No entanto, importa dizer que, nesse trabalho, darei ênfase maior ao processo, não como apresentação de regras ou técnicas a se seguir, mas sim de forma que

promova processos dialógicos em que todos se sintam implicados (FERNANDES, 2016). Como mencionado, a pesquisa, como contribuição para uma pedagogia das transições, será apresentada ao grupo de professores, em momento de formação, dentro do calendário da própria Instituição ou em momento de encontro organizado em parceria com a equipe da instituição onde a pesquisa ocorreu. Quanto ao compartilhamento com as famílias das crianças, também será feito uma devolutiva das contribuições da pesquisa com linguagem apropriada para esse público e em momento organizado entre pesquisadora, professores participantes da pesquisa e equipe diretiva.

Parece essencial lançar, até o momento, o quanto acredito no transformar do interlocutor em pesquisa com crianças. Desde o início, sentia que viveria, e vivi, essa

aprendizagem assim que adentrei na relação “COM” as crianças, pois corroboro

Barbosa (2014, p. 244) que essa experiência contribui com o sair da visão de que as crianças são “seres frágeis, incapazes para chegar na visão de que são sujeitos que exigem proteção e cuidado mas que, paradoxalmente, possuem potência”.

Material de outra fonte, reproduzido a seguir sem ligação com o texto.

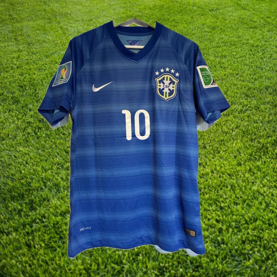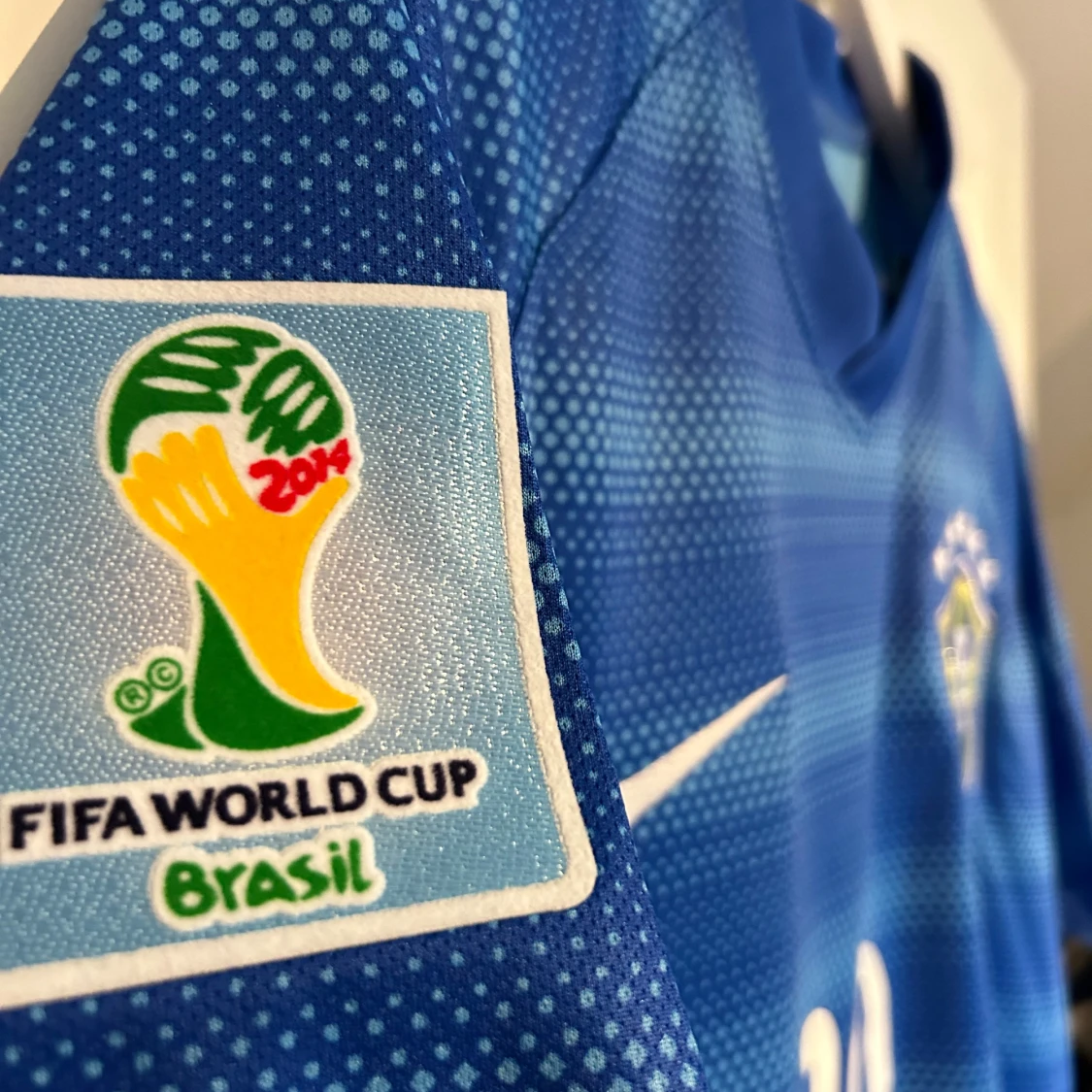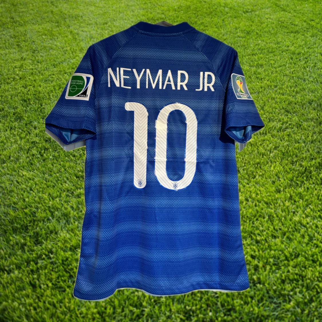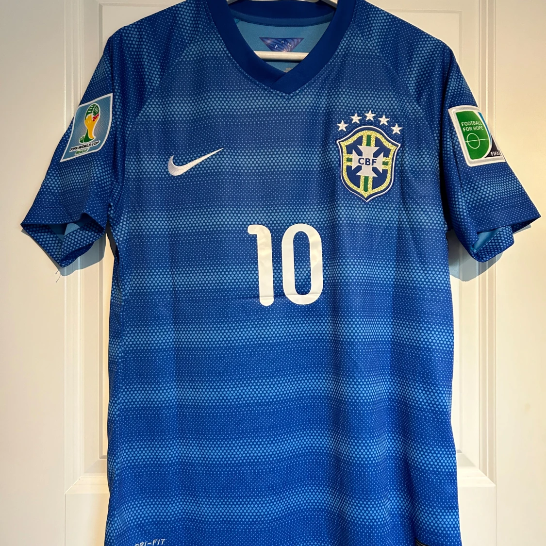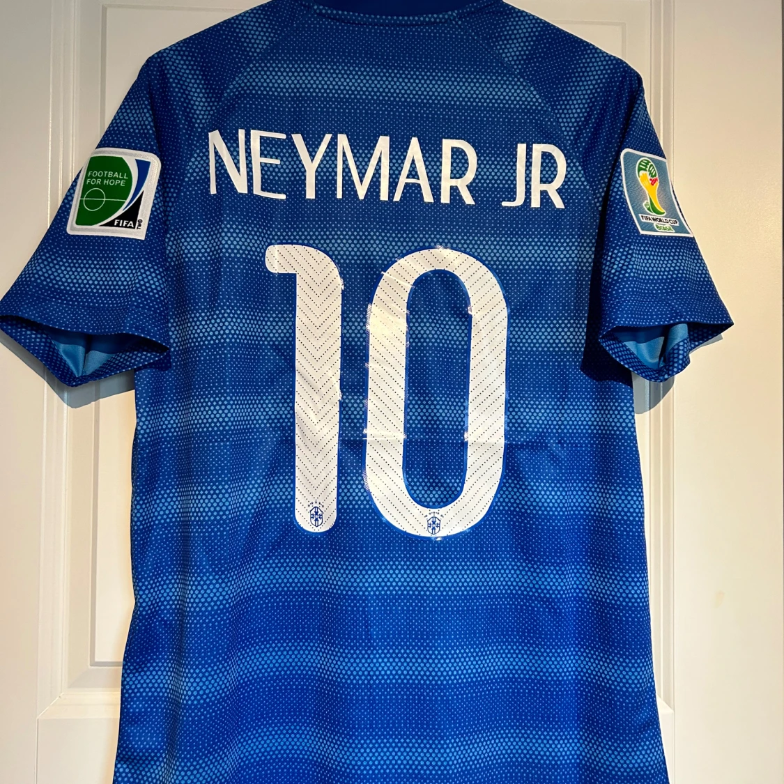 Säljer en blå Brasilien fotbollströja från VM 2014 med Neymar JR och nummer 10 på ryggen. Tröjan har korta ärmar CBF-emblem och FIFA World Cup-patchar på båda ärmarna. Tillverkad i lätt och ventilerande Dri-FIT-material. Tveka inte att höra av dig för mer bilder och information.

Dessa forma, no próximo capítulo, apresento as revelações e interpretações da pesquisa por unidades de análises. Elenquei essas unidades por escolhas relacionadas à quantidade de material empírico gerado, de cada transição cotidiana, durante as observações em campo. Após seleção e separação do que eu havia narrado e fotografado, foi possível perceber que as transições cotidianas se agrupavam em 3 grandes campos de aprendizagem na Educação Infantil, ao que intitulei: anúncios, deslocamentos e cuidados pessoais (descanso, alimentação e higiene). Embora não fosse possível teorizar todas as transições nesse documento, explicito a justificativa das escolhas realizadas muito ligadas ao material gerado para análise, mas, também, a minha familiaridade e relação teórica com umas e não outras transições cotidianas (VOGLER; CRIVELLO; WOODHEAD, 2008; ALVÃO; CAVALCANTE, 2015).